Wash and thoroughly dry 6 Granny Smith apples, then firmly push a wooden craft stick into the stem end of each apple until it feels secure.
Line a baking sheet with parchment paper and lightly coat it with nonstick cooking spray to ensure the apples don't stick after dipping.
Combine 1 cup granulated sugar, 1/2 cup light corn syrup, and 1/2 cup water in a medium heavy-bottomed saucepan. Cook over medium heat, stirring constantly with a wooden spoon, until the sugar completely dissolves and the mixture becomes clear, about 3-4 minutes.
Stop stirring and attach a candy thermometer to the side of the pan. Continue cooking without stirring until the mixture reaches 300°F (the hard crack stage), which should take about 15-20 minutes.
Immediately remove the pan from the heat and carefully whisk in 1 teaspoon vanilla extract, 1/4 teaspoon citric acid, 8 drops blue food coloring gel, and 4 drops purple food coloring gel until the color is evenly swirled, not fully blended.
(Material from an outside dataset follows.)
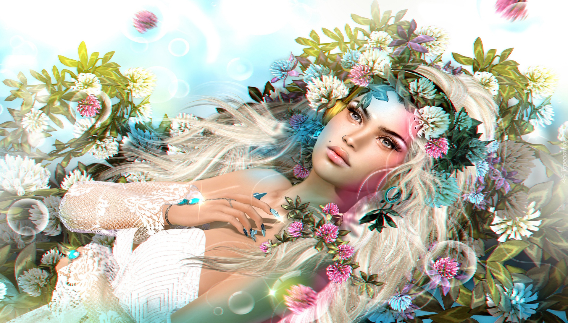 Edytor tapety: Dziewczyna obsypana kwiatami w grafice

Working quickly but carefully, tilt the pan and dip each apple into the hot candy coating, swirling to coat completely. Allow any excess to drip back into the pan.
Hold the coated apple over a separate bowl and immediately sprinkle with rainbow candy sprinkles and a light dusting of edible silver sparkle dust before the coating sets.
Place the finished apples on the prepared baking sheet and allow them to cool completely at room temperature for at least 1 hour until the candy coating is hard and crisp.